===== DATA SECTION =====

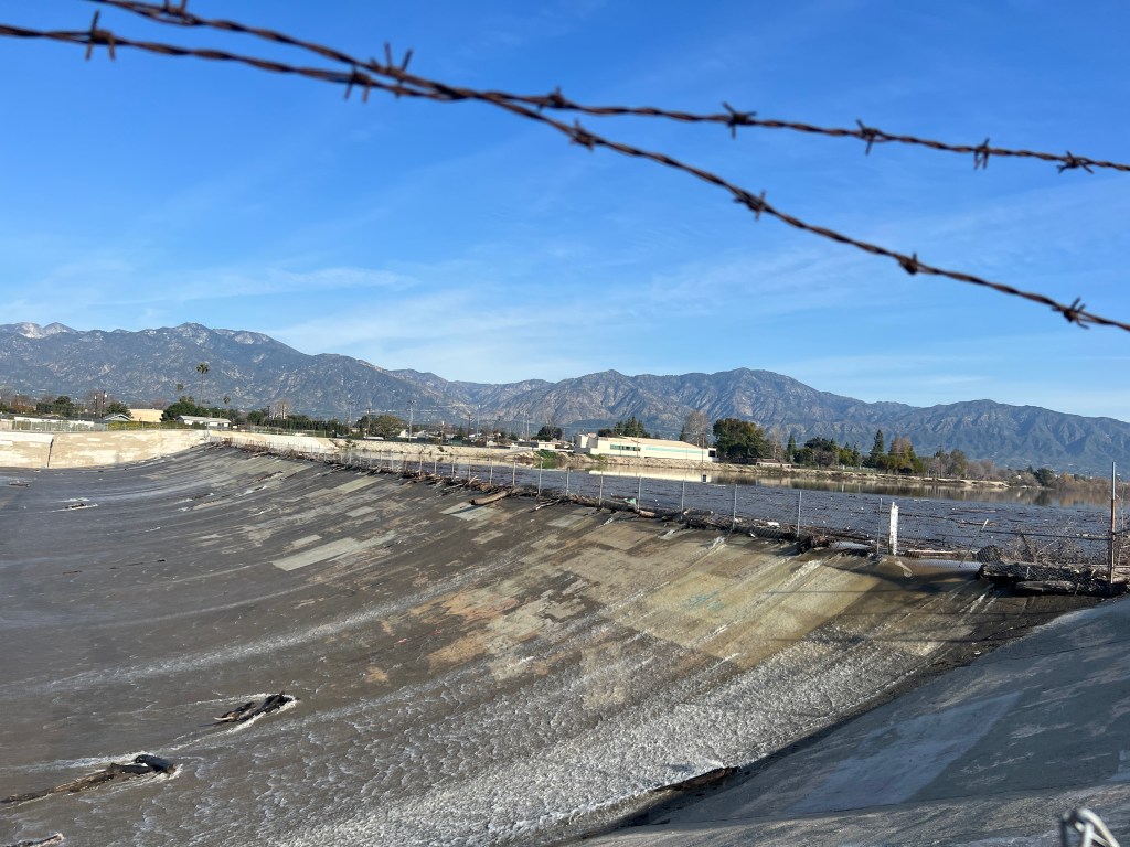 Mile 11: Ride along top of Santa Fe Dam. Lots of water releasing from dam and water was flowing throughout the flood control. Everything was uncharacteristically green.
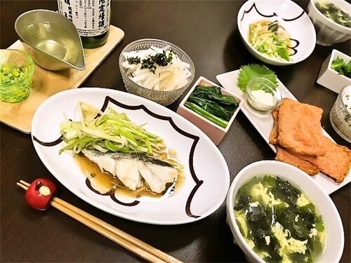 たら中華蒸し 島根の赤てん ほうれんそうのおひたし 大根サラダ ザーサイ入り中華たまごスープ
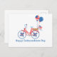Postal Bicicleta caprichosa del 4 de julio roja blanca y
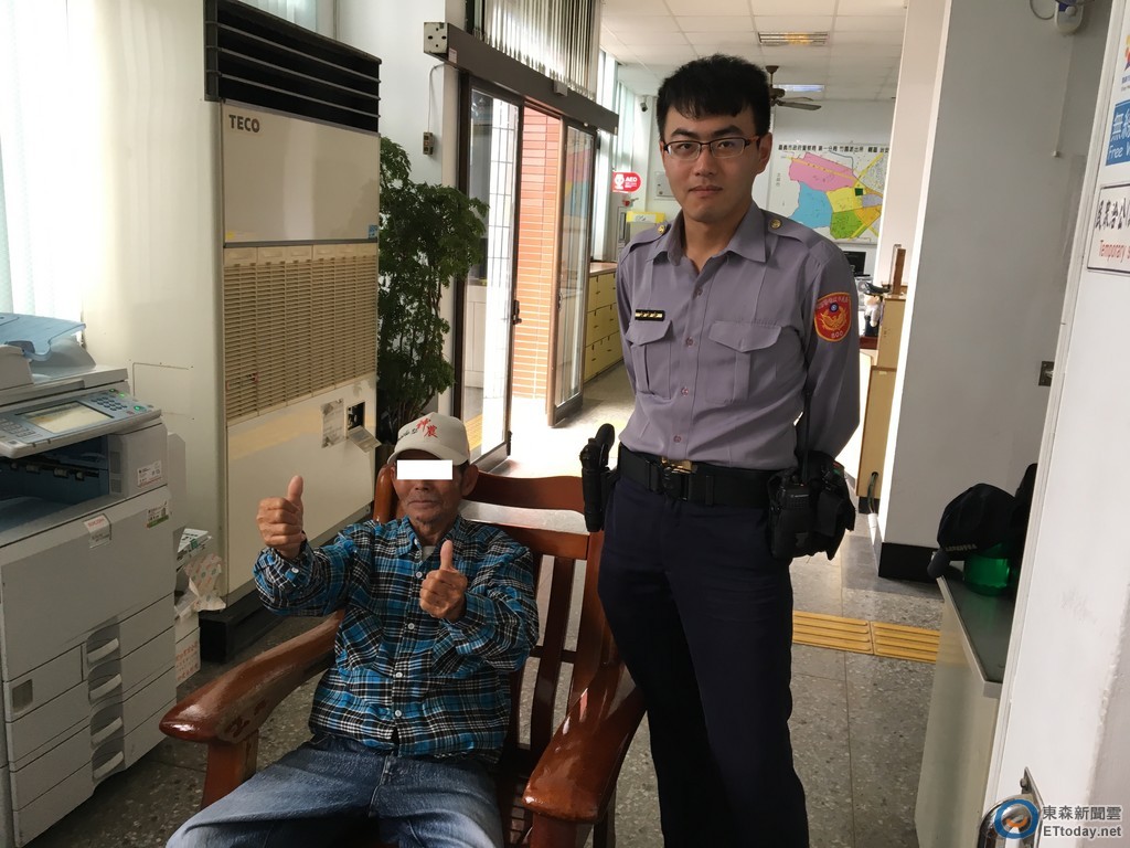 嘉義市政府警察局竹園派出所日前接獲通報,有一名迷途鄭姓老伯獨自行走在大溪路,警員沈輝煌、吳輝宇獲報後立即到場,不過,因他不知家住何處,只好先把人載返派出所休息,這時有眼尖員警發現老伯頭戴的鴨舌帽上,用簽字筆寫了一組電話號碼,最後果真順利連繫到家屬。

=====

### ABOUT THIS TASK
Where a picture appears, omit it, and otherwise retype the material exactly.

### ANSWER BELOW
 Mile 11: Ride along top of Santa Fe Dam. Lots of water releasing from dam and water was flowing throughout the flood control. Everything was uncharacteristically green.
 たら中華蒸し 島根の赤てん ほうれんそうのおひたし 大根サラダ ザーサイ入り中華たまごスープ
Postal Bicicleta caprichosa del 4 de julio roja blanca y
 嘉義市政府警察局竹園派出所日前接獲通報,有一名迷途鄭姓老伯獨自行走在大溪路,警員沈輝煌、吳輝宇獲報後立即到場,不過,因他不知家住何處,只好先把人載返派出所休息,這時有眼尖員警發現老伯頭戴的鴨舌帽上,用簽字筆寫了一組電話號碼,最後果真順利連繫到家屬。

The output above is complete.